= Paul Sears =

American ecologist & writer (1891–1990)

Paul Bigelow Sears (December 17, 1891 – April 30, 1990) was an American ecologist and writer.

== Life and career ==
He was born in Bucyrus, Ohio. Sears attended Ohio Wesleyan University (B.Sc. in Zoology, 1913; B.A. in Economics, 1914), the University of Nebraska–Lincoln (A.M. in Botany, 1915), and the University of Chicago (Ph.D. in Botany, 1922).

Sears married Marjorie Lea McCutcheon and the couple had three children: Paul M. Sears, Center for Atmospheric Research, Colorado; Dr. Catherine S. Frazer, Lakewood, Colorado, former Wellesley College faculty; Sallie H. Sears, Assistant Professor of English, Stony Brook.

Early in his research career, he published an innovative series on the Natural Vegetation of Ohio (1925 to 1926) These papers delineated the original forest types by using “witness trees” from the original land surveys of Ohio and are still widely cited by plant ecologists working in Ohio today.

During the Dust Bowl and his tenure at the University of Oklahoma, Sears wrote Deserts on the March, one of the first books to communicate ecological principles to the general public. His best known book, Deserts has gone through eleven printings of its four editions, most published by the University of Oklahoma Press. The first edition was last republished by Island Press in 1988 as part of its Conservation Classics series.

Also during the late 1920s and 1930s, Sears pioneered the study of fossil pollen as a cue to past vegetation and climate in the United States. One of his early students, Phyllis Draper, published the first American contribution to this developing field. Sears was the first to publish reference drawings of Lake Erie basin fossil pollen types, and published extensively in this field and inspired many students between 1930 and about 1950, by which time his interest in conservation and land use dominated his time.

In 1943, Sears independently initiated a publication, the Pollen Analysis Circular (later the Pollen and Spore Circular), to answer the “need of a freer interchange of information among those who are interested in pollen analysis in this country” during the period of restricted travel and professional meetings before and during the Second World War. Eighteen issues were mimeographed and distributed, ultimately, to more than 200 pollen researchers and interested scientists in North America and Europe. In issue 8, Sears reported on a suggestion by H.A. Hyde and D.A. Williams that this new science be named “palynology,” a term for this new field which was ultimately adopted by his colleagues. After the end of the war, the circulars were discontinued. The final issue appeared in 1954. By 1967, researchers had formalized a new professional organization, the American Association of Stratigraphic Palynologists.

In 1950, Sears was named chair of a new graduate program in Conservation at Yale University. The program was instigated and initially funded by the Conservation Foundation, of which Fairfield Osborn was head.
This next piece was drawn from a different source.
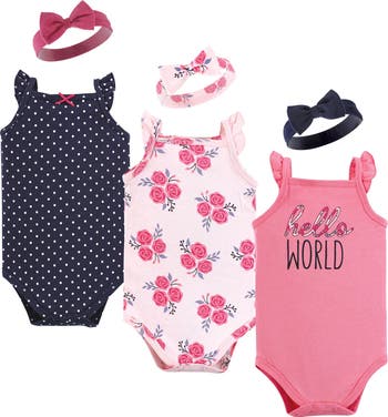 Hudson Baby bodysuits and headbands are an essential part of baby's wardrobe. Our bodysuits feature adorable prints, embroideries, stripes and solids and provide a comfortable base layer that is great for pairing with pants, shorts, or even wearing under outfits. Our bodysuits are comfortable and cozy for all-day, everyday wear for your little one. Our matching headbands make it easy and convenient for parents to accessorize their little ones.

An unprecedented interdisciplinary effort, this program produced several notable students, among them Paul Shepard and Estella Leopold, daughter of Aldo Leopold. Pioneer conservationist Leopold was a contemporary of Sears' who defined the land ethic and inspired new generations of conservationists and environmentalists.

Sears also served on the board of trustees of Science Service, now known as Society for Science, from 1954–1957.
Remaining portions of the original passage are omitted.